Most road signs directing to AsiaWorld–Expo simply refer to the venue as "Expo".

==Exhibitions and events==

The halls of AsiaWorld–Expo, mainly AsiaWorld–Arena, AsiaWorld-Summit, and VIVA, have been used for various entertainment events.

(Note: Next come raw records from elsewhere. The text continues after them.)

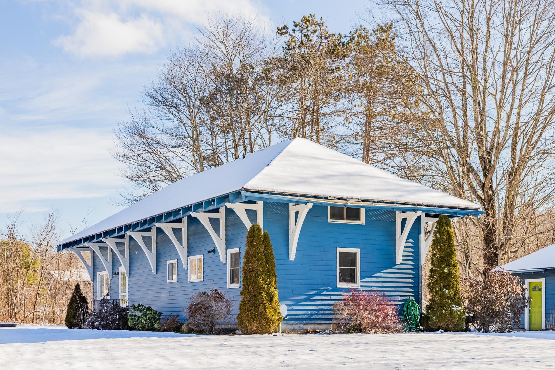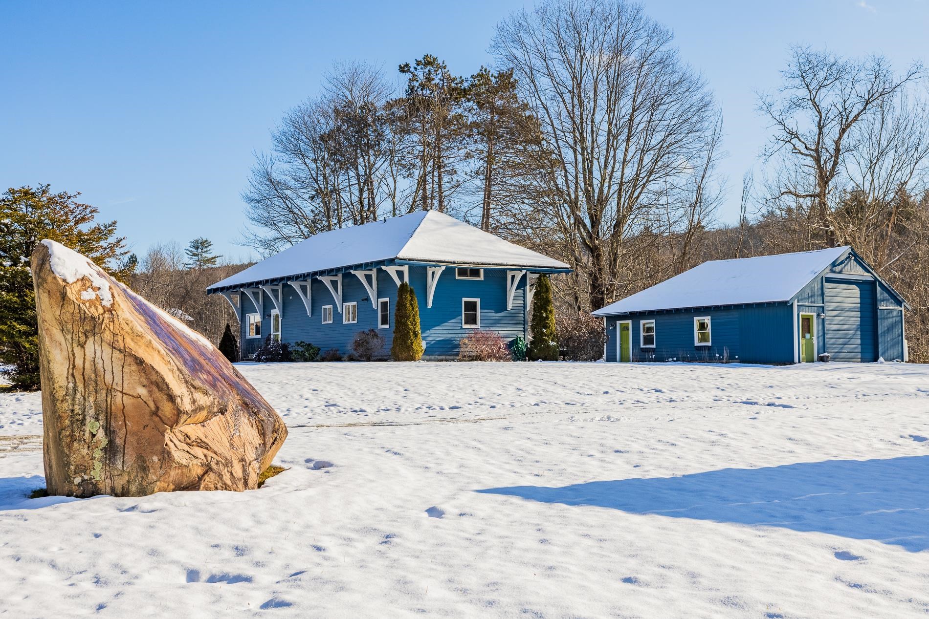 Historic Train Stationhouse! Unique design and character in a prime ski location on 4 acres with a private pond. This efficient historic gem was relocated to the current more convenient location with added acreage and a commercial outbuilding. The owned solar power offers low cost of living and years of energy benefits for new owners. This property features 2 bedrooms & 2 baths with beautiful cathedral ceilings with wood details. The updated kitchen offers stainless steel appliances and butcher block countertops, while the open dining and living make entertaining a breeze. The first-floor bedroom features an oversized closet and nice natural light. While the first-floor full bath has been updated with classic white tile. Ascending the beautiful wooden staircase the second floor offers a versatile family room, which could serve as a guest space or office. The additional large bedroom and updated bath on this level contribute to the home's open and spacious feel, providing comfort and privacy. The heated commercial building offers a commercial kitchen wash area, a half bath and an attached garage storage area. Don't miss the babbling Millbrook River. So many possibilities await. Only 7 miles to Rutland Airport, Winter Sports enthusiasts: 10 minutes to Okemo, 30 minutes to Killington, 45 minutes to Stratton. In the Summer just a 15-minute drive to Echo Lake and all the fun of Ludlow or Rutland. Don't wait this historic gem is amazing! Call today.
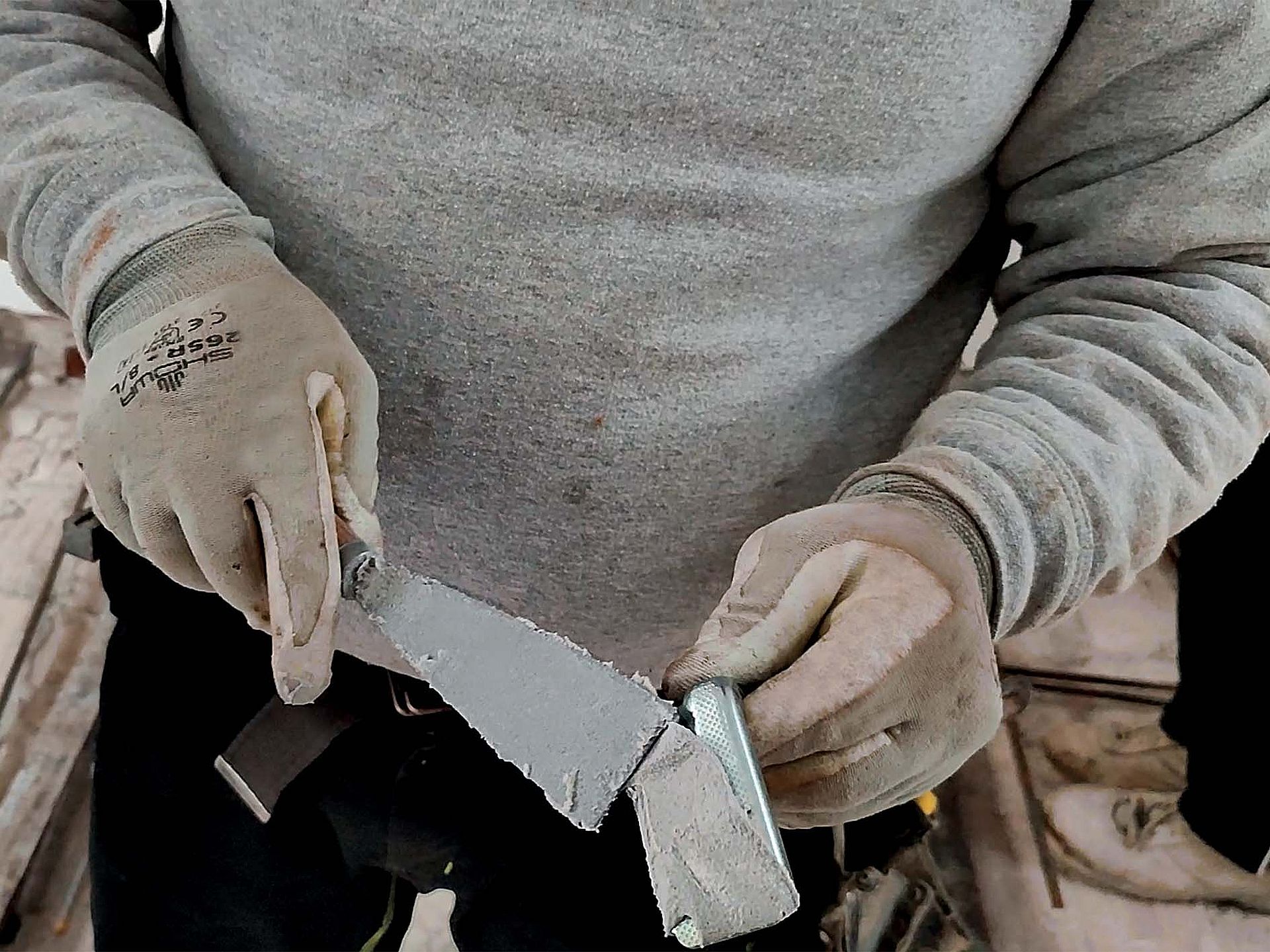 Il fissaggio di Connettore Acciaio Incollato alle putrelle in acciaio avviene direttamente con incollaggio alle travi con l’Adesivo Connettore Acciaio direttamente sulla parte puntinata del connettore tramite l’ausilio di una spatola e una leggera pressione per la creazione di uno strato uniforme di resina tra le due parti. Il sistema prevede la realizzazione della soletta mista collaborante armata in calcestruzzo strutturale leggero Leca dopo 24 ore dalla stesura dell’adesivo. A questo scopo, nell’intervento su Palazzo Zappalà Tornabene hanno trovato impiego Leca CLS 1400 e Leca CLS 1600, due calcestruzzi leggeri strutturali premiscelati in sacco idonei alla realizzazione di getti di rinforzo e solette collaboranti.
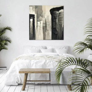 Kompozycja obrazu ukazuje majestatyczne kolumny, które symbolizują siłę, stabilność i ponadczasowość. Odcienie szarości i czerni podkreślają teksturę kamienia, nadając obrazowi głębi i wyrafinowania. Subtelne światło i cienie tworzą harmonijną atmosferę, która wprowadza spokój do każdego wnętrza.
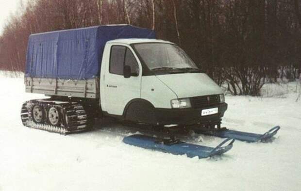 Вчера вечером я совершенно случайно наткнулся на фотографию очень необычной ГАЗели. Было уже поздно, мне хотелось спать, поэтому я сохранил картинку с целью вернуться к ней утром.Проснувшись на следующий день я подумал, что мне показалось. Но нет. Необычная ГАЗель с лыжами вместо передних колес...
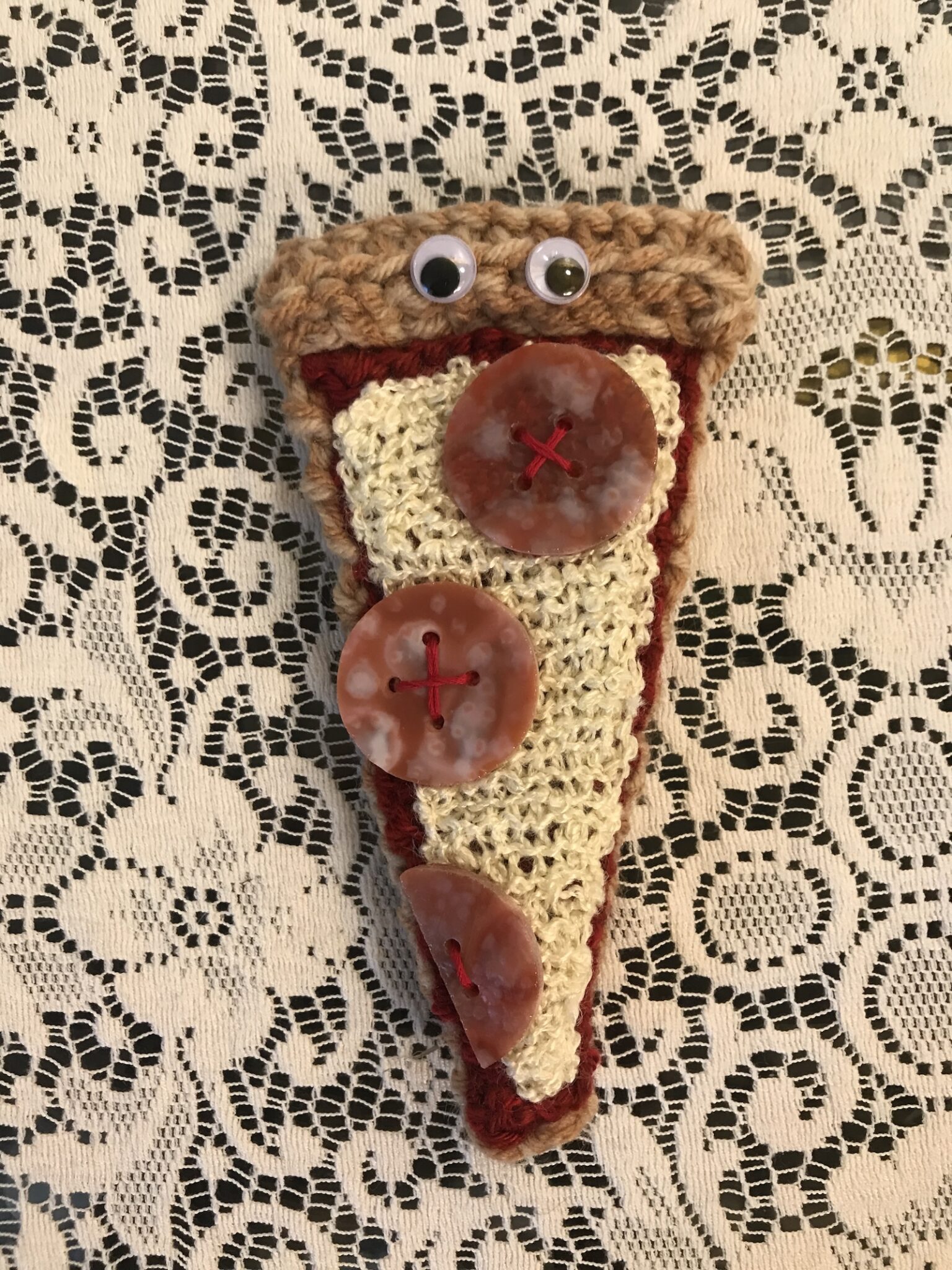 crocheted yarn, glass,googly eyes | Life Size | 2023
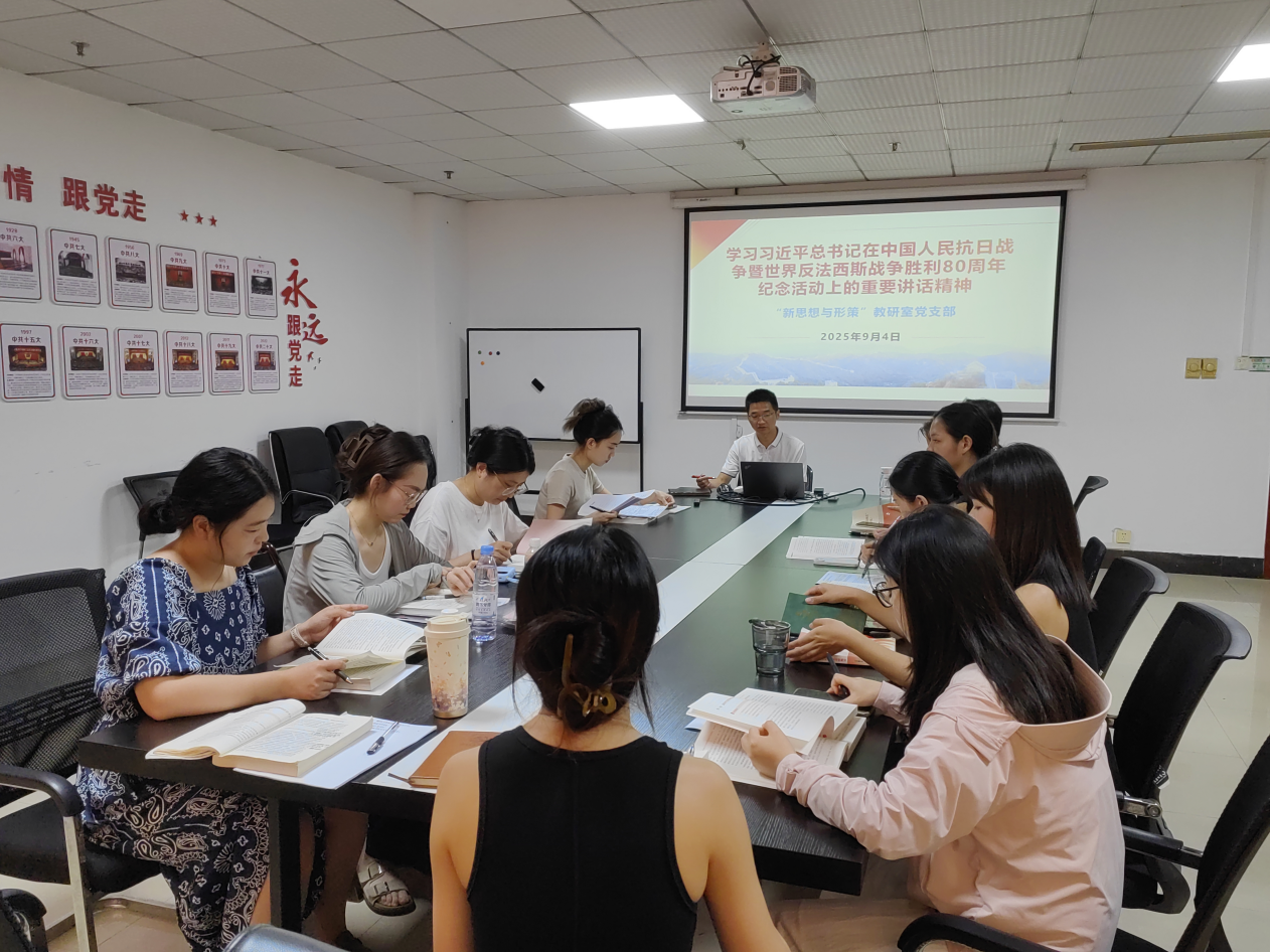 (通讯员 周璐璐)2025年9月3日,纪念中国人民抗日战争暨世界反法西斯战争胜利80周年大会隆重举行,习近平总书记发表重要讲话。4日,我校中共米乐mile官方网站马克思主义学院“新思想与形策”教研室支部委员会召开专题学习会,深入学习领会习近平总书记重要讲话精神,并结合习近平新时代中国特色社会主义思想的教学与研究,深入交流学习体会,深刻把握抗战胜利的历史意义与时代价值,切实将其融入到教育教学当中。
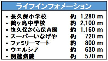 | 交通 | 坂戸駅まで 徒歩16分 | 学区 | 小学校区:長久保小学校 1280m 中学校区:鶴ヶ島中学校 2100m |
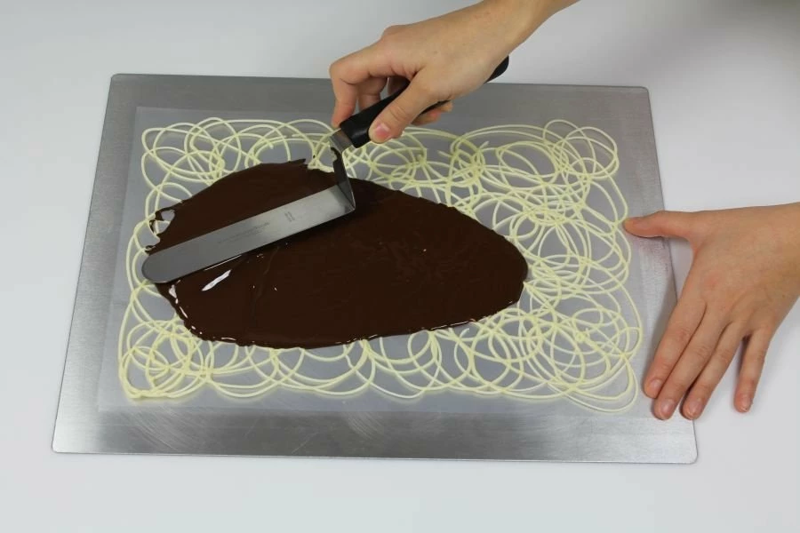 Pralinen, Kuchen und Desserts werden zum echten Blickfang, wenn Sie mit Ihrem selbst gemachten Schokodekor verziert werden. Einfach individuelle Muster auf die stabile Folie mit Kuvertüre spritzen und trocknen lassen. Sobald die Kuvertüre fest ist, ziehen Sie die Folie vorsichtig ab. Die lebensmittelechte Folie ist mehrfach verwendbar. Nicht spülmaschinengeeignet, mit feuchtem Tuch leicht abwischen. Lieferung ohne silberne Unterlage.

They have staged concerts by acts such as Oasis, Michael Bublé, Eric Clapton, Il Divo, Coldplay, David Guetta, Madonna, Britney Spears, Kylie Minogue, Alicia Keys, Björk, Avril Lavigne, Bruno Mars, One Direction, Lady Gaga, Taylor Swift, Justin Bieber, Jennifer Lopez, Maroon 5, Lily Allen, Ariana Grande, Westlife, Christina Aguilera, Plácido Domingo, Ayumi Hamasaki, Deep Purple, Green Day, Wonder Girls, Girls' Generation, L'Arc-en-Ciel, Namie Amuro, Stone Roses, Super Junior, Macklemore & Ryan Lewis, Imagine Dragons, X Japan, Smashing Pumpkins, Big Bang, 2NE1, G-Dragon, JYJ, Exo, BTS, GOT7, Monsta X, 5 Seconds of Summer, Katy Perry, Metallica, Jessie J, Shane Filan of Westlife, Guns N' Roses, Above & Beyond, Blackpink, Treasure, IU, NMIXX, Le Sserafim and many more.

Since 2013, it has hosted the Mnet Asian Music Awards. It has also hosted exhibition such as ITU Telecom World 2006, Asian Aerospace, and E-Commerce Asia.